EXERCISE AIM: Please give the listing again in full, leaving out its images.

INFORMATION SHOWN:
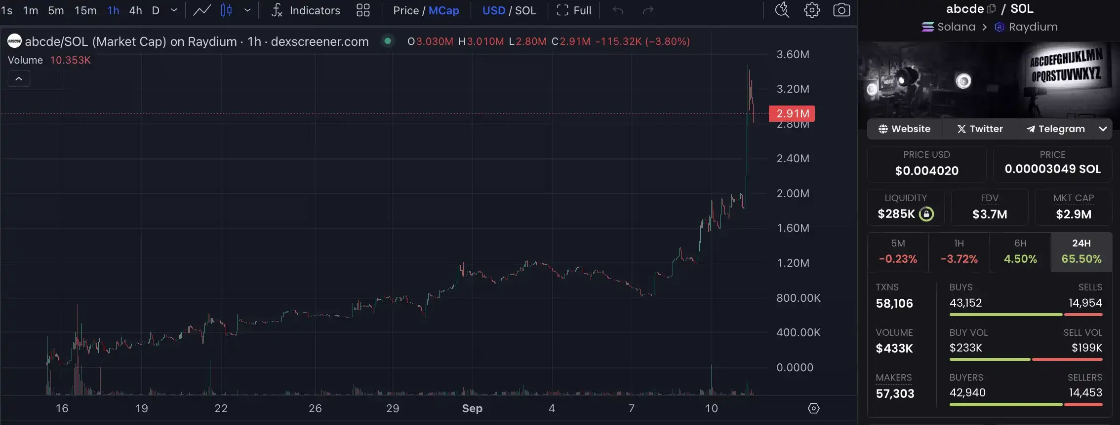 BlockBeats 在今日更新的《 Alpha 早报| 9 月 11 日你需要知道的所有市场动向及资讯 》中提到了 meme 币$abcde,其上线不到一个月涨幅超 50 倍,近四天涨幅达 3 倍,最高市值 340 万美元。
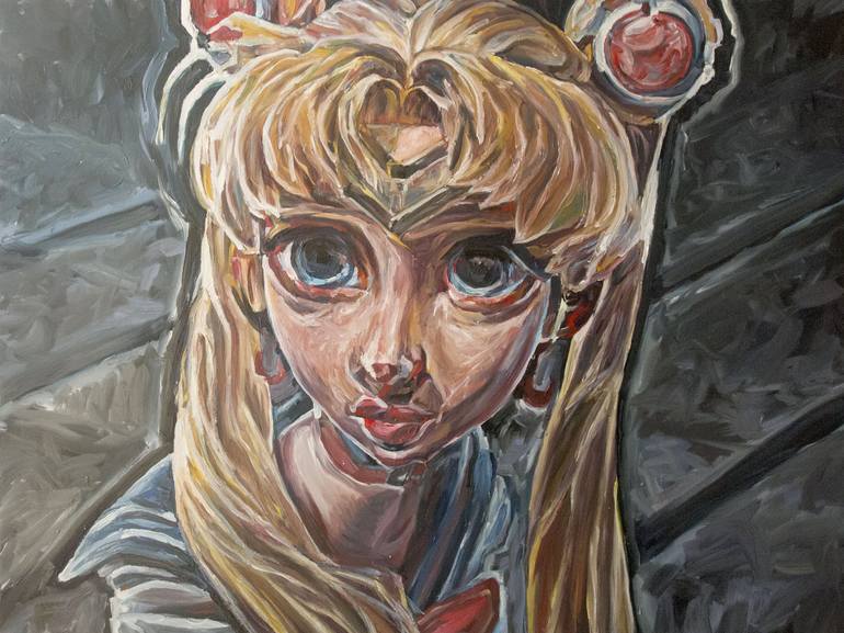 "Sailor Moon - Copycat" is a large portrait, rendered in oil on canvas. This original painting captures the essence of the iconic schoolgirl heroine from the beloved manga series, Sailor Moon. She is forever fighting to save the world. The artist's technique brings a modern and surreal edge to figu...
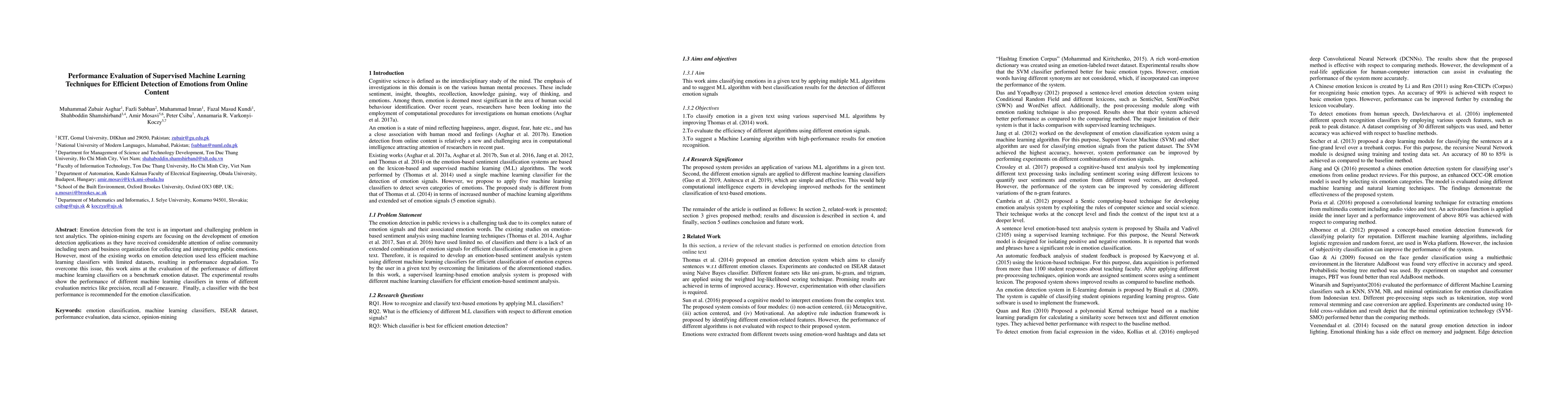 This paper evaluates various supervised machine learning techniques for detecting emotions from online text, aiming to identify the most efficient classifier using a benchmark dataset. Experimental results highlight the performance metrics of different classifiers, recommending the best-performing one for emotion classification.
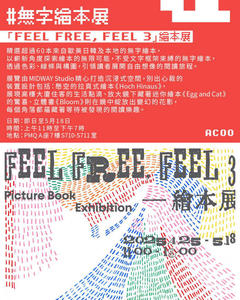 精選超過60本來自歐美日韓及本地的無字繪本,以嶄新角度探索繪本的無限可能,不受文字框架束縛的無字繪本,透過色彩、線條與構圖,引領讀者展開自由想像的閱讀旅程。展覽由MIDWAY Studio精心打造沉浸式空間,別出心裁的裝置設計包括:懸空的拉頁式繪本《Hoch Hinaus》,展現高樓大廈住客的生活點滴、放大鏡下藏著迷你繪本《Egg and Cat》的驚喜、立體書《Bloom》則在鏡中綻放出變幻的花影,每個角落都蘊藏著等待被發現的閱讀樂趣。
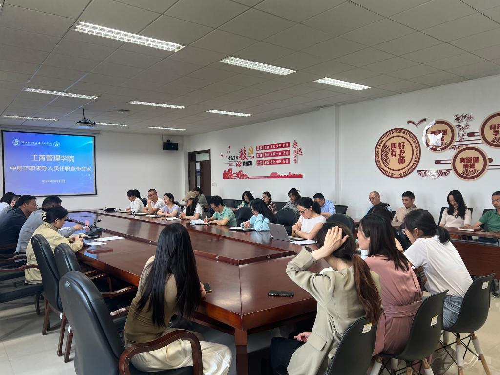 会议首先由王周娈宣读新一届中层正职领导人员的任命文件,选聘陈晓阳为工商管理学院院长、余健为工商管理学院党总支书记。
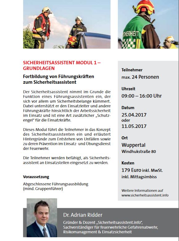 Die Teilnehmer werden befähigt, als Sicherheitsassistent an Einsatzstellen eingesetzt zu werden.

YOUR RESPONSE:
 BlockBeats 在今日更新的《 Alpha 早报| 9 月 11 日你需要知道的所有市场动向及资讯 》中提到了 meme 币$abcde,其上线不到一个月涨幅超 50 倍,近四天涨幅达 3 倍,最高市值 340 万美元。
 "Sailor Moon - Copycat" is a large portrait, rendered in oil on canvas. This original painting captures the essence of the iconic schoolgirl heroine from the beloved manga series, Sailor Moon. She is forever fighting to save the world. The artist's technique brings a modern and surreal edge to figu...
 This paper evaluates various supervised machine learning techniques for detecting emotions from online text, aiming to identify the most efficient classifier using a benchmark dataset. Experimental results highlight the performance metrics of different classifiers, recommending the best-performing one for emotion classification.
 精選超過60本來自歐美日韓及本地的無字繪本,以嶄新角度探索繪本的無限可能,不受文字框架束縛的無字繪本,透過色彩、線條與構圖,引領讀者展開自由想像的閱讀旅程。展覽由MIDWAY Studio精心打造沉浸式空間,別出心裁的裝置設計包括:懸空的拉頁式繪本《Hoch Hinaus》,展現高樓大廈住客的生活點滴、放大鏡下藏著迷你繪本《Egg and Cat》的驚喜、立體書《Bloom》則在鏡中綻放出變幻的花影,每個角落都蘊藏著等待被發現的閱讀樂趣。
 会议首先由王周娈宣读新一届中层正职领导人员的任命文件,选聘陈晓阳为工商管理学院院长、余健为工商管理学院党总支书记。
 Die Teilnehmer werden befähigt, als Sicherheitsassistent an Einsatzstellen eingesetzt zu werden.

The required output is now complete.